东野第11纵队顺利攻下密云,战果显著,却为什么还是遭到毛主席严厉批评?
1948年11月下旬,华北的地图被反复铺在各路兵团的炕桌上。平绥铁路两侧,傅作义把第35军压在张家口至怀来一线,又在北平、天津、塘沽摆开多层封锁,表面上铜墙铁壁,实际上十几万兵力被分成七八段,呼应艰难。中央判断,只要东北野战军悄悄渡过山海关,北平外围就会瞬间露出空当。于是,一条“隐蔽突进”的死命令,被写进了11月末的多份电报:入关可以,切忌惊动敌先。
辽沈战役刚刚尘埃落定,林彪的部队只在山海关外修整数日便重新集合。三年来的长途转战,使部队对行军作战已驾轻就熟,“不让敌人知道咱们几时到,几路来”,是出发前被反复强调的底线。先遣兵团由程子华率领,4纵、11纵担纲尖兵,目标是踏平平绥东段,插到张家口南面,与聂荣臻的华北二兵团形成犄角之势,把傅部锁死在华北平原。

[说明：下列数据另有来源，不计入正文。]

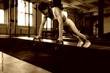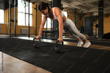 Slim sporty woman doing push-ups in a gym. Crossfit training.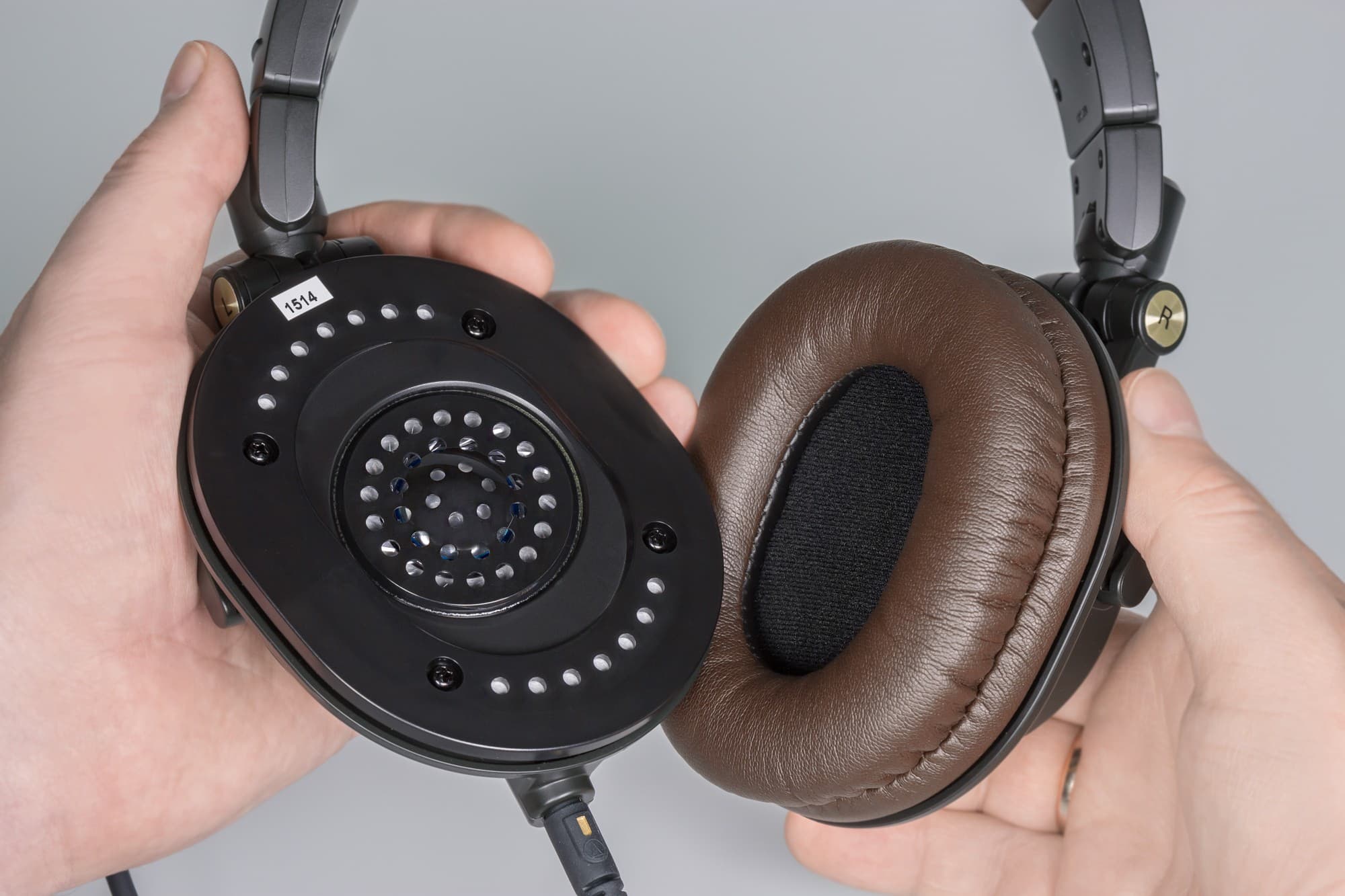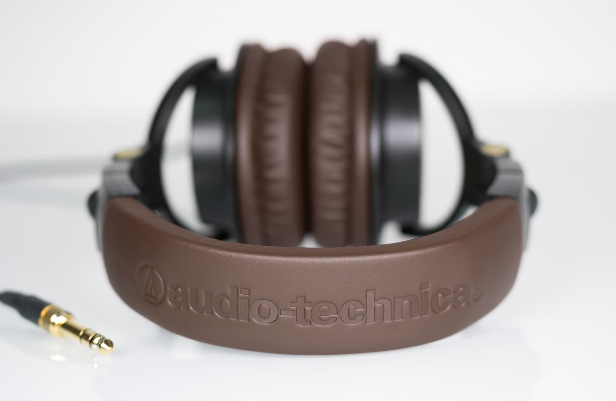 Нам на тестирование попал вариант ATH-M50xDG (темно-зеленый). Однако зеленый в данном случае настолько темный, что он вообще неотличим от черного, см. фотографию. Главная же особенность модели — это темно-коричневый цвет оголовья и амбушюр. Интернет подсказывает, что цвет металлических вставок на чашках называется honey gold. Есть еще один вариант ограниченной партии, M50xBL, синий с кричащей светло-коричневой кожей. Обычные серийные варианты — полностью черный M50x и полностью белый M50xWH. Наушники из ограниченной партии стоят чуть дороже обычных. Разница, впрочем, несущественная.

12月3日拂晓,11纵的前卫第31师翻过雁栖口,抵近密云。情报说,这里守备不过一个不足团。按原定计划,部队该绕城疾进,但几声短促的枪声打断了行程。侦察分队带回消息:城里敌人不止一个团,炮声里隐约有92式步兵炮的节奏,至少一个加强师。电话里,团长一句:“既然撞上了,就把它啃掉!”——决定临机围城。
战斗打得很快。第31师在北门封锁,另两团包抄南关。夜幕降临,炮火照得古城墙像一片炽铁。次日黄昏,敌指挥部被炸塌,剩余守军溃散入山,清点战场,毙伤俘近6000人。缺口打开,东野先遣纵队继续沿平绥线西移,看似一场漂亮的顺手牵羊。
问题却在电波里暴露。国民党北平绥靖公署从拦截的密电推断:东北主力已大批越过长城。傅作义猛地警觉,连夜召开军参会。会上,他把手杖往地图上一点:“散布太广,得收回来!”随后,一连串命令飞向前线:第35军、104军258师掉头东返;第13军和101军放弃怀柔、涿县;62军、92军、94军统统回北平待命。原本铺开的防线,像风筝线被急拉回手,北平外围的圈层顷刻收紧。
12月6日深夜,西柏坡的电台灯火未熄。毛泽东发出一份措辞冷峻的电报,直指“在密云逗留两昼夜,延误战机”,催促程子华、林彪以最快速度抢占下花园至新保安。“务必截住郭部!”电文末尾只八个字,却像鞭子抽在夜行军的背上。程子华当即复电:“立即前进,保证完成任务。”
被点名的郭景云此刻正率35军沿平绥铁路东返。车皮紧缺,他不得不改为徒步行军,又被八路堵路频繁袭扰。白天走夜里打,队伍拉成十几公里长龙。副官劝他加速,郭景云喟叹:“急也没辙,道被人卡着。”12月15日,35军抵新保安,正撞上南北合围的口袋。激战三日,援军未至,弹药将尽,郭躲进土窑,举枪自戕。随行参谋回头望去,烈焰中的新保安城墙在隆冬夜色里崩塌。
35军覆灭的消息捎到北平,傅作义沉默良久,折起电报放进兜里。此后,他再没能组织成规模的突围。一个月后,平津战役以北平和平解放告终;东北野战军则沿京汉路南下,迈向新的战场。密云城头的弹痕,被风沙慢慢磨平,可当年那场“多余的胜利”给指挥员上的一课,却在作战院校长久传讲:战术之得,若损及战略机密,再大的果实也未必甘甜。